Unfortunately this decreases code reuse; VQSort now consists of about 1500
instructions (https://gcc.godbolt.org/z/ojYKfjPe6). The size of sorting
networks has nearly doubled to 10.8 KiB, 70% of the total. Although large,
this still fits comfortably within 32 KiB instruction caches, and possibly
even in micro-op caches (DSB, 1500-2300 micro-ops), especially given that
not all instructions are guaranteed to execute.
### Study of AVX-512 downclocking
We study whether AVX-512 downclocking affects performance. Using the GHz
reported by perf, we find an upper bound on the effects of downclocking, and
observe that its effect is negligible when compared to scalar code.

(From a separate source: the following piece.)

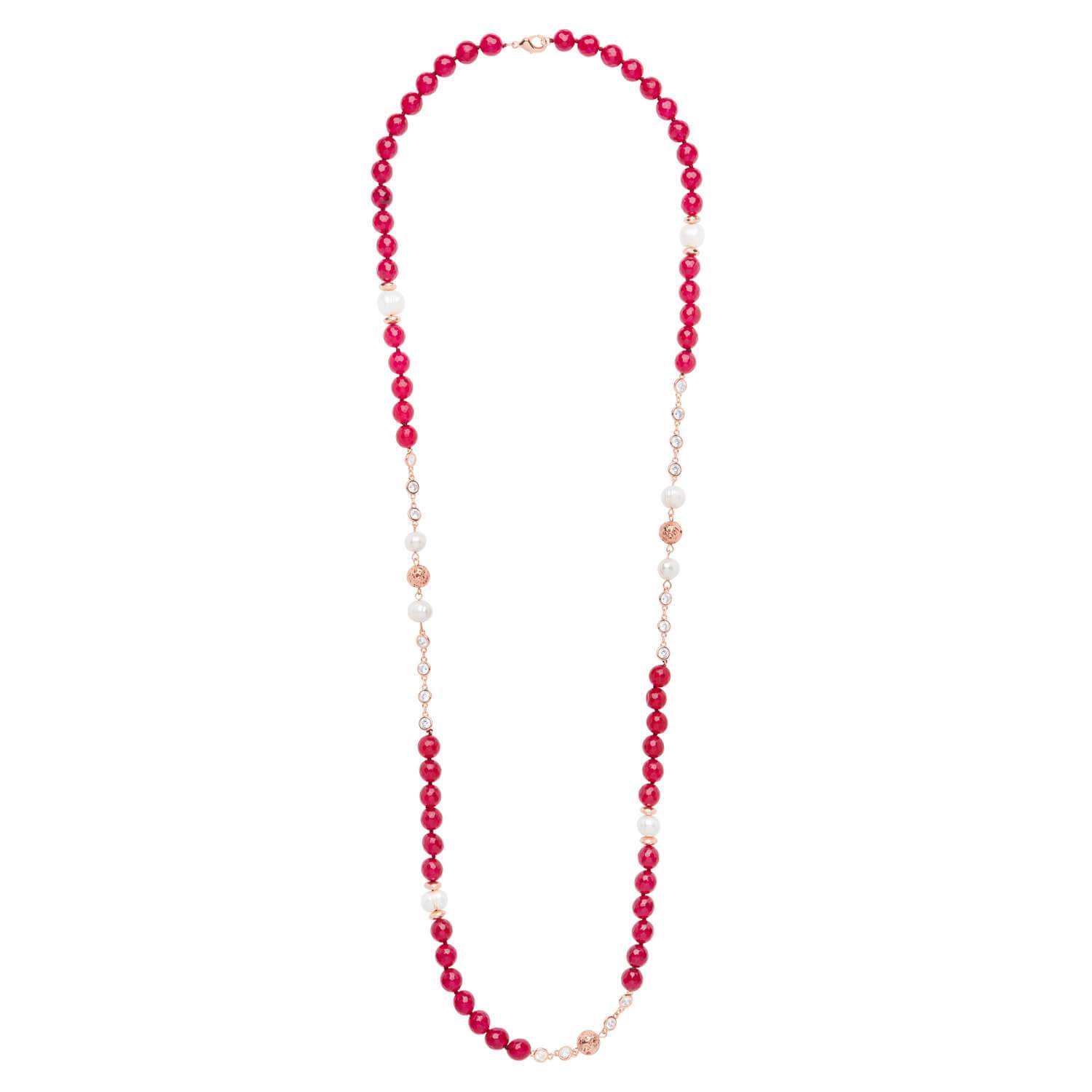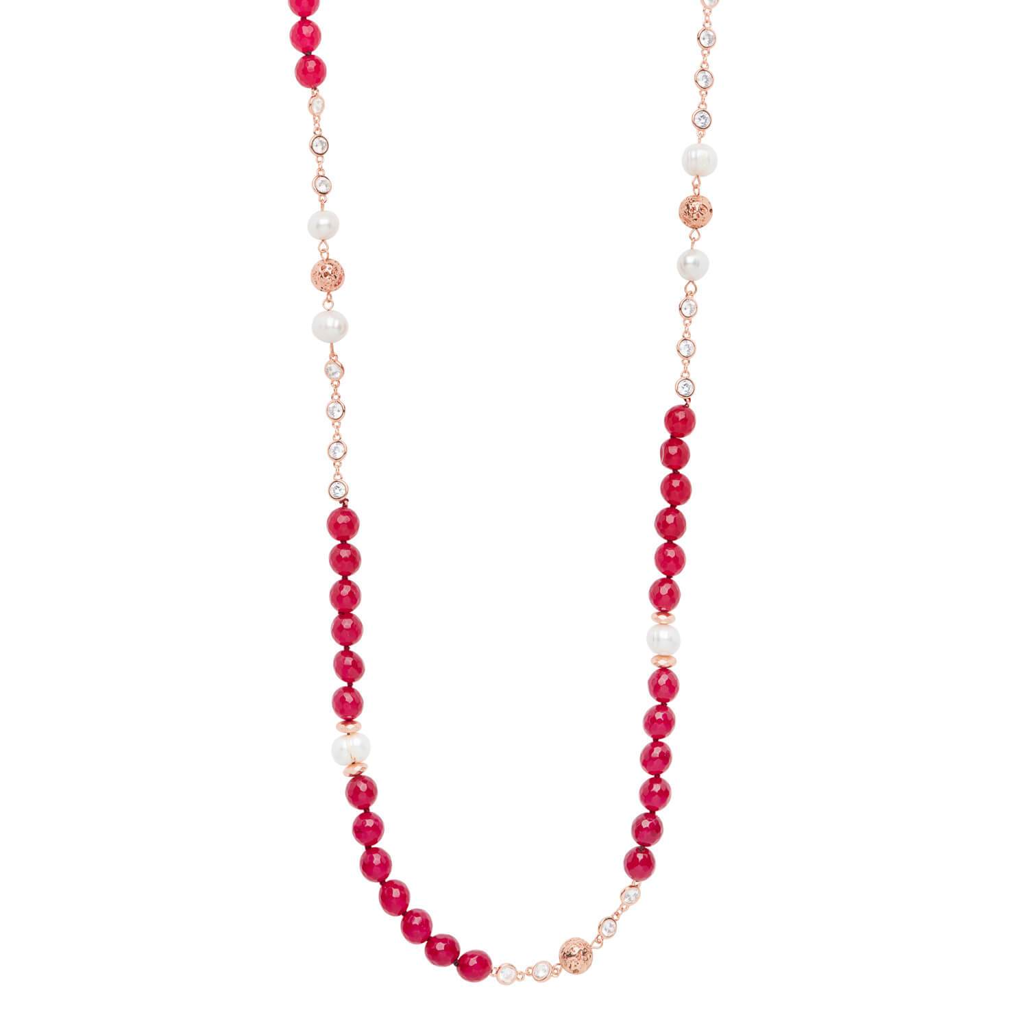 Inspired by long evenings and nightfall beneath the stars, our Stella collection was created by our designers. Red Agate beads and pearls are set in an asymmetrical pattern. Brilliant white Diamondeau®, flawless simulated diamond twinkle like stars in the night sky. A final touch has been added with beads that resemble meteorites, luxuriously finished in a soft rose gold.
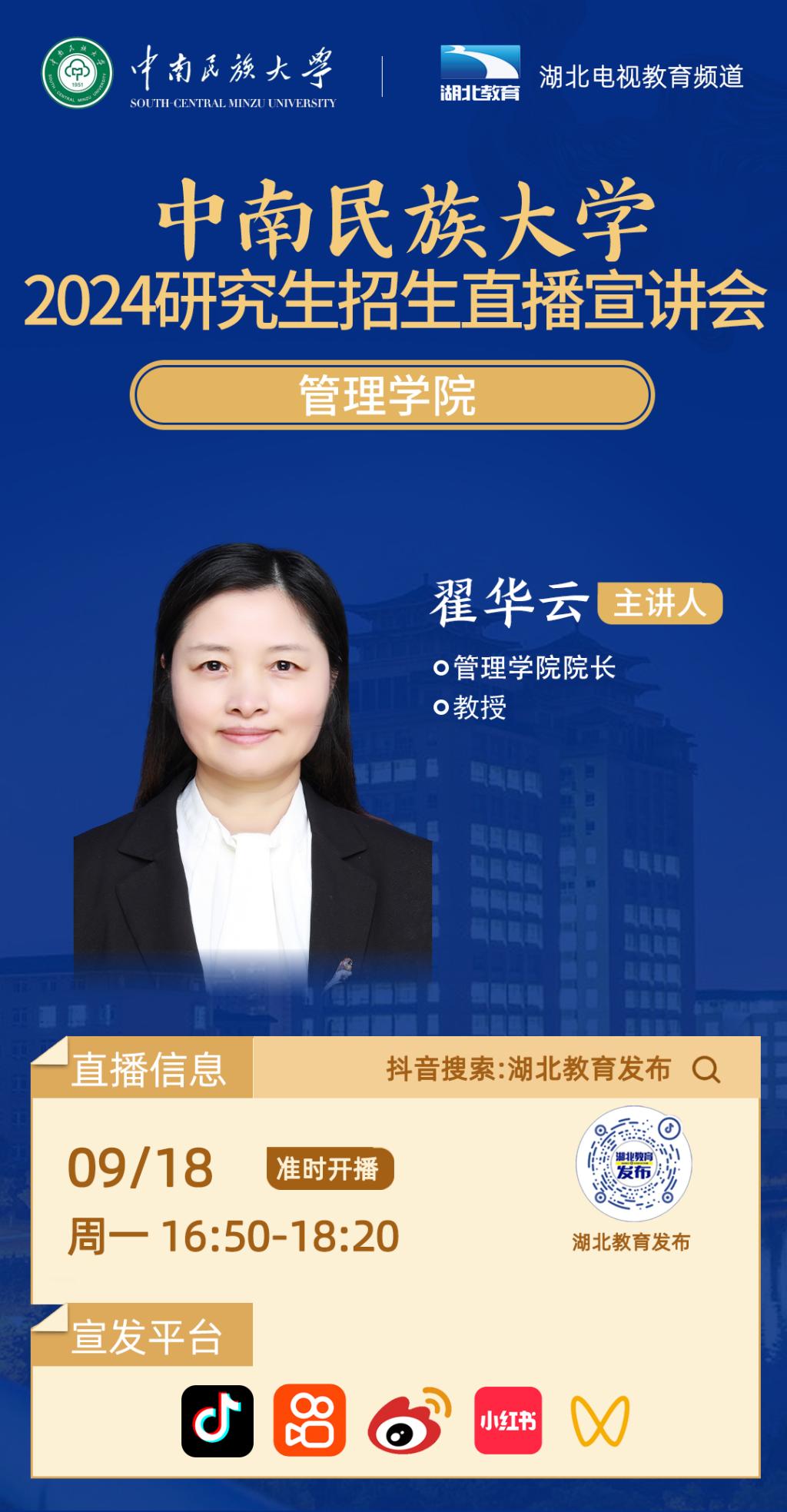 威尼斯8866992024年研究生招生线上系列宣讲会之五------管理学院专场(9月18日 16:50)

This issue has somehow attracted far more attention than seems warranted. An
attempt by Daniel Lemire to measure the
only saw a **3% decrease**, and Intel CPUs since Icelake, as well as AMD Zen4,
are much less impacted by throttling, if at all. By contrast, "Silver" and
"Bronze" Intel Xeons have more severe throttling and would require a large(r)
speedup from AVX-512 to outweigh the downclocking. However, these CPUs are
marketed towards "entry compute, network and storage" and "small business and
storage server solutions", and are thus less suitable for the high-performance
workloads we consider.
Our test workstation runs Linux (6.1.20-2rodete1-amd64) and has the same Xeon
Gold 6154 CPU used in our paper because its Skylake microarchitecture is the
most (potentially) affected. The compiler is a Clang similar to the LLVM trunk.
We added a new 'cold' benchmark that initializes random seeds, fills an array
with a constant except at one random index, calls VQSort, and then prints a
random element to ensure the computations are not elided. To run it, we build
bench_sort with `-DSORT_ONLY_COLD=1` and then invoke
`taskset -c 6 setarch -R x86_64 perf stat -r 15 -d bench_sort`. The taskset and
setarch serve to reduce variability by avoiding thread migration, and disabling
address space randomization. `-r 15` requests 15 runs so that perf can display
the variability of the measurements: < 1% for cycles, instructions, L1 dcache
loads; LLC miss variability is much higher (> 10%) presumably due to the
remaining background activity on this machine.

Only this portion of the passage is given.